Work task => Please transcribe the data below exactly. Leave the pictures out.

Raw data =>
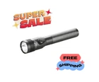 75430 Stinger LED High Lumen Rechargeable Flashlight with 120-Volt AC/12-Volt DC Charger and 2-Holders - 800 Lumens Special Feature Rechargeable Color Black Power Source Battery Powered Light Source Type LED Material Aluminum About this item Anodized aluminum construction with non-slip rubberized comfort grip 3 Lighting modes and strobe High for maximum illumination: 800 lumens; 24,000 candela; 310m beam; runs 1.5 hours Medium for intense brightness and longer run time: 400 lumens; 12,000 candela; 219m beam; 2.5 hours Low for extended run time: 200 lumens; 6,000 candela; 155m beam; runs 5 hours
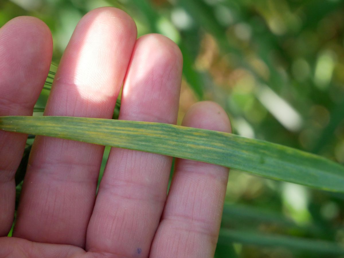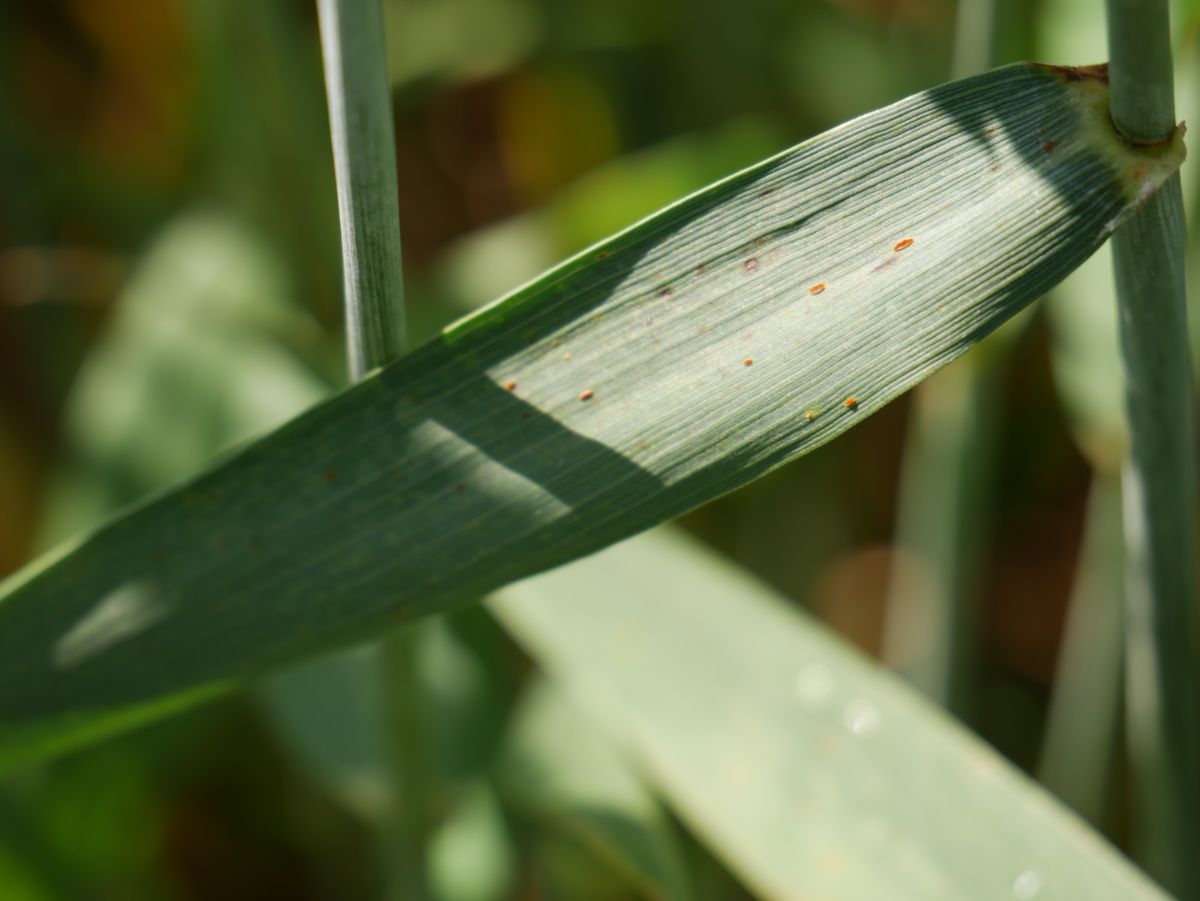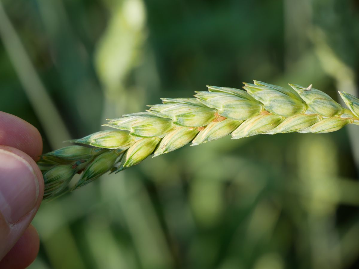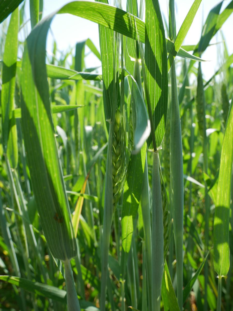 Das niederschlagsreiche und kühle Frühjahr hat der Entwicklung des Weizens gutgetan. In keinem der letzten drei trockenen Jahre hat sich der Weizen so üppig und wüchsig präsentiert wie dieses Jahr. Das Ährenschieben war mit Ende Mai etwa 10 Tage später als üblich. Das ist aber durchaus positiv, denn eine verlängerte Phase des Schossens mit genug Feuchtigkeit und ausreichender Mineralisierung fördert die Ährenanlagen und stärkt somit die Ertragsbildung. Bisher sind keinerlei Blattkrankheiten aufgetreten. Hier und da sind ein paar wenige Blattläuse zu beobachten, die aber keine nennenswerten Schäden verursachen. Nun kommt es auf die weitere Witterung an. Hohe Temperaturen am Tag mit niedrigen Nachttemperaturen, wie sie seit dem 10. Juni auftreten, sind sehr förderlich für die Entwicklung des Braunrostes.
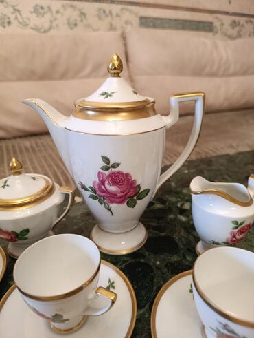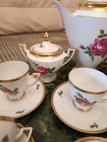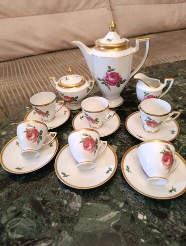 Kahla (Made in GDR) porselen çay-qəhvə dəsti Klassik ağ porselen üzərində qızılı-qəhvəyi ornament və üzüm-buket motivləri. Qızılı haşiyələr, qapaqlarda dekorativ qızıl knopkalar. Dəstin tərkibi (...
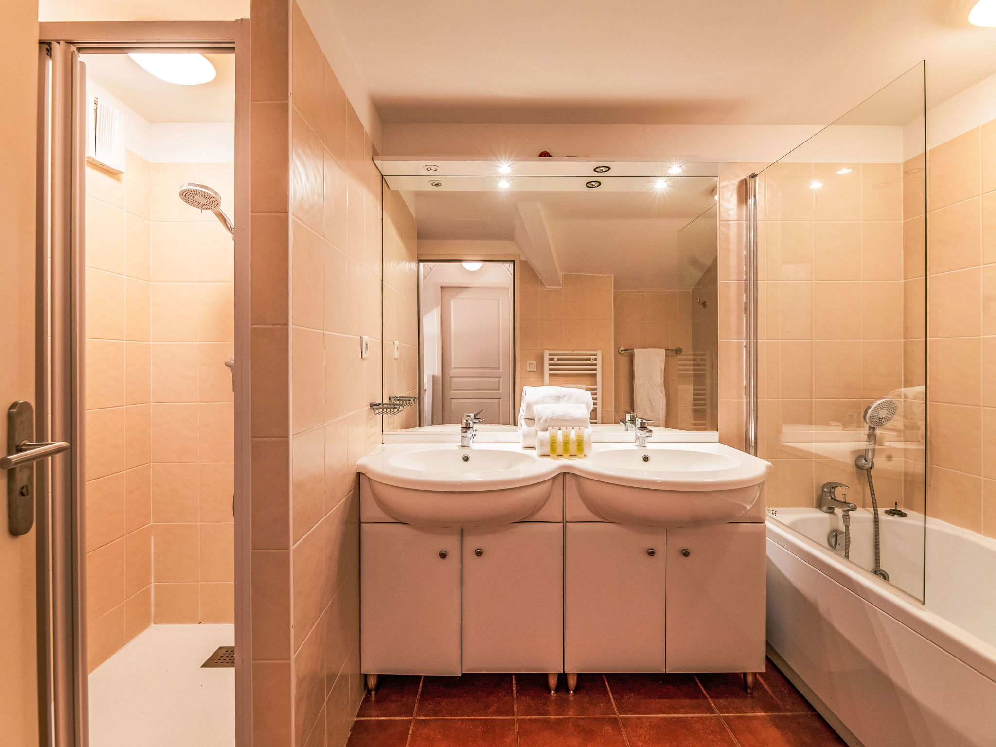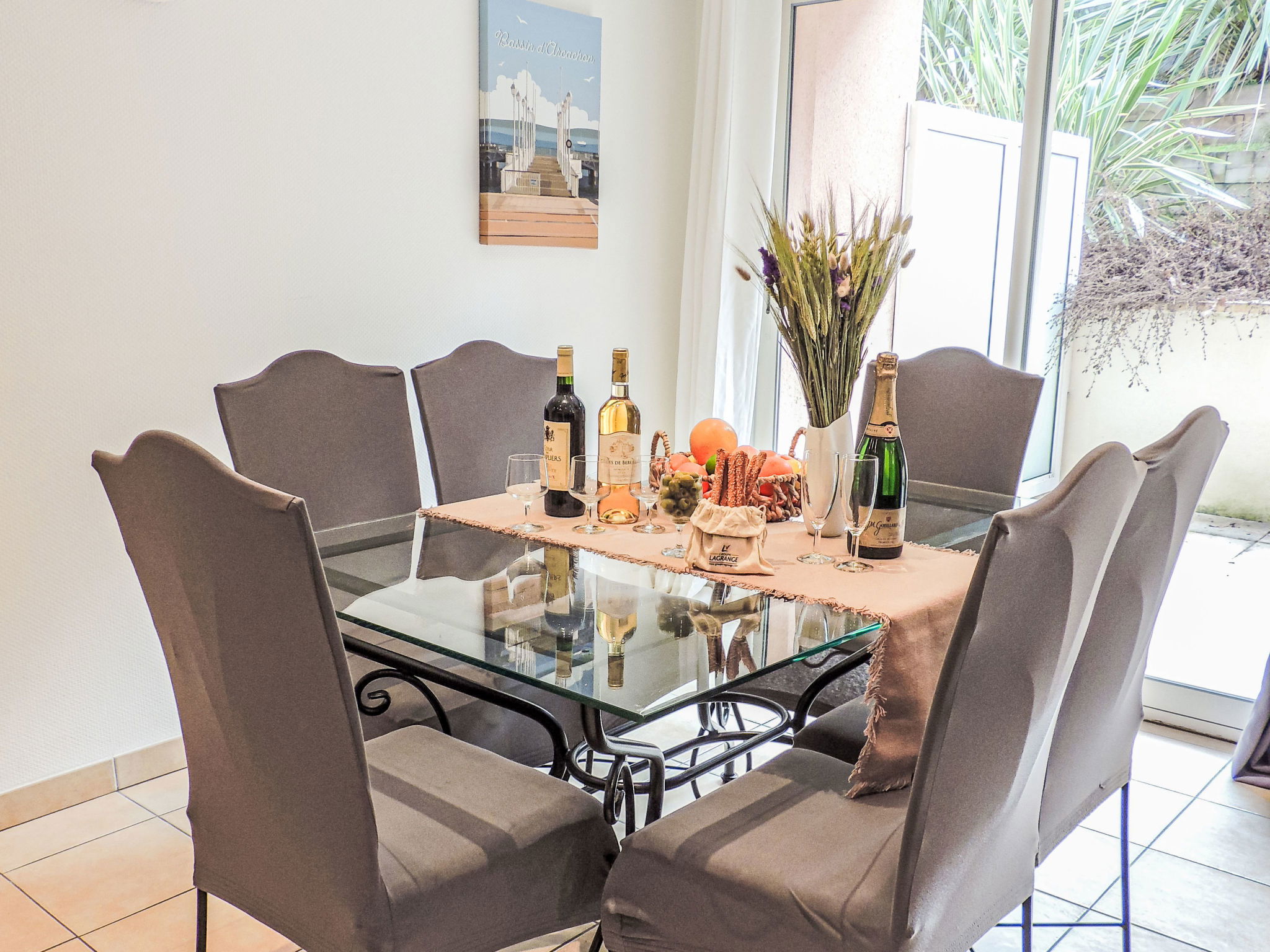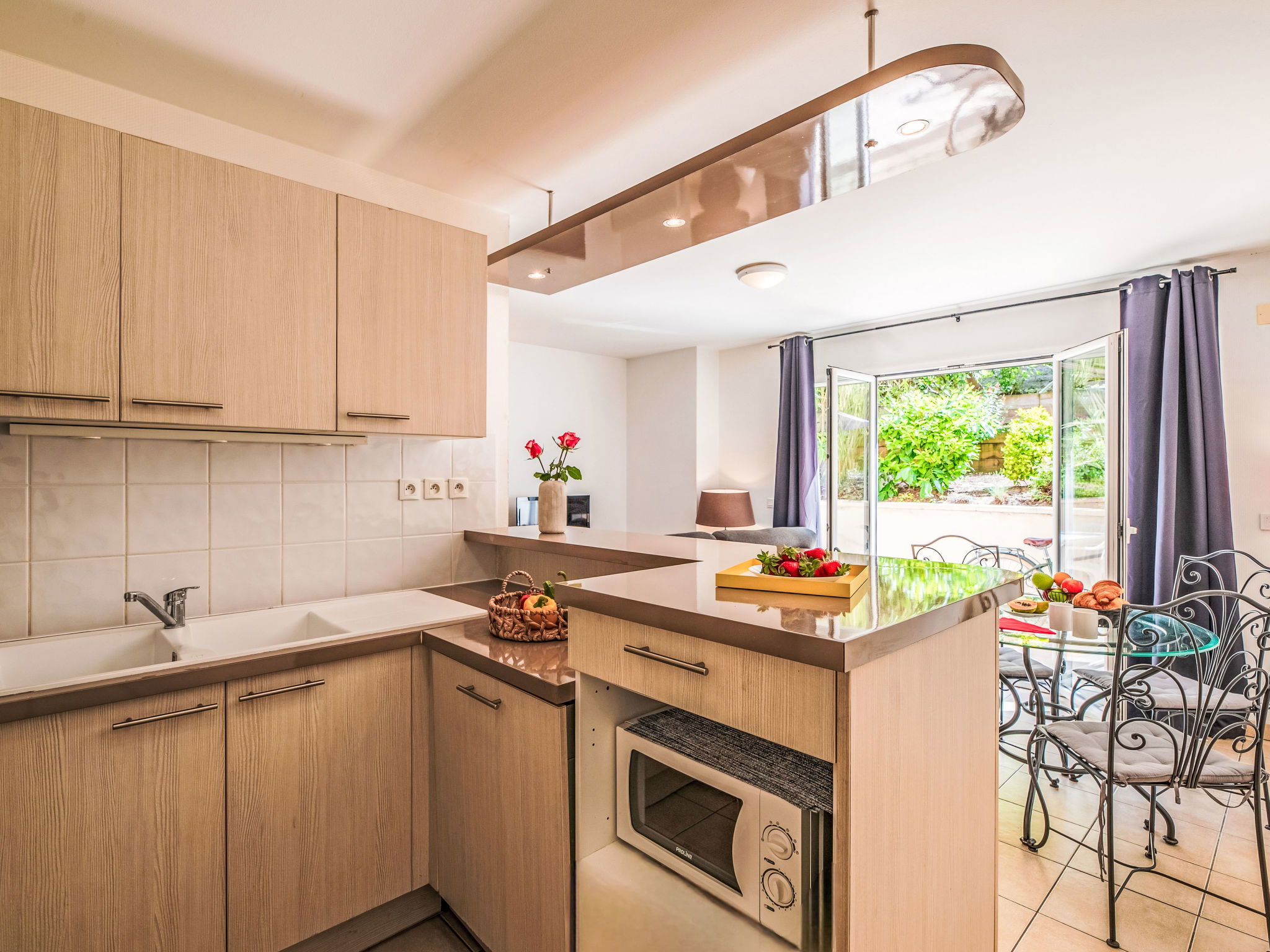 "Le Jardin Mauresque - 346X", 3-room apartment 59 m2. Beautiful and cosy furnishings: living/sleeping room with 1 double sofabed, dining table and TV. 1 room with 1 french bed (160 cm, length 200 cm), bathroom. 1 room with 2 beds. Kitchenette (oven, dishwasher, 4 ceramic glass hob hotplates, toaster, kettle, microwave, freezer, electric coffee machine). Shower, sep. WC. Electric heating. Facilities: washing machine, dryer, children's high chair, baby cot (extra). Internet (WiFi, extra). Parking (extra, roofed). Please note: non-smokers only. Maximum 2 pets/ dogs allowed. Smoke alarm, fire extinguisher.

Task response =>
 75430 Stinger LED High Lumen Rechargeable Flashlight with 120-Volt AC/12-Volt DC Charger and 2-Holders - 800 Lumens Special Feature Rechargeable Color Black Power Source Battery Powered Light Source Type LED Material Aluminum About this item Anodized aluminum construction with non-slip rubberized comfort grip 3 Lighting modes and strobe High for maximum illumination: 800 lumens; 24,000 candela; 310m beam; runs 1.5 hours Medium for intense brightness and longer run time: 400 lumens; 12,000 candela; 219m beam; 2.5 hours Low for extended run time: 200 lumens; 6,000 candela; 155m beam; runs 5 hours
 Das niederschlagsreiche und kühle Frühjahr hat der Entwicklung des Weizens gutgetan. In keinem der letzten drei trockenen Jahre hat sich der Weizen so üppig und wüchsig präsentiert wie dieses Jahr. Das Ährenschieben war mit Ende Mai etwa 10 Tage später als üblich. Das ist aber durchaus positiv, denn eine verlängerte Phase des Schossens mit genug Feuchtigkeit und ausreichender Mineralisierung fördert die Ährenanlagen und stärkt somit die Ertragsbildung. Bisher sind keinerlei Blattkrankheiten aufgetreten. Hier und da sind ein paar wenige Blattläuse zu beobachten, die aber keine nennenswerten Schäden verursachen. Nun kommt es auf die weitere Witterung an. Hohe Temperaturen am Tag mit niedrigen Nachttemperaturen, wie sie seit dem 10. Juni auftreten, sind sehr förderlich für die Entwicklung des Braunrostes.
 Kahla (Made in GDR) porselen çay-qəhvə dəsti Klassik ağ porselen üzərində qızılı-qəhvəyi ornament və üzüm-buket motivləri. Qızılı haşiyələr, qapaqlarda dekorativ qızıl knopkalar. Dəstin tərkibi (...
 "Le Jardin Mauresque - 346X", 3-room apartment 59 m2. Beautiful and cosy furnishings: living/sleeping room with 1 double sofabed, dining table and TV. 1 room with 1 french bed (160 cm, length 200 cm), bathroom. 1 room with 2 beds. Kitchenette (oven, dishwasher, 4 ceramic glass hob hotplates, toaster, kettle, microwave, freezer, electric coffee machine). Shower, sep. WC. Electric heating. Facilities: washing machine, dryer, children's high chair, baby cot (extra). Internet (WiFi, extra). Parking (extra, roofed). Please note: non-smokers only. Maximum 2 pets/ dogs allowed. Smoke alarm, fire extinguisher.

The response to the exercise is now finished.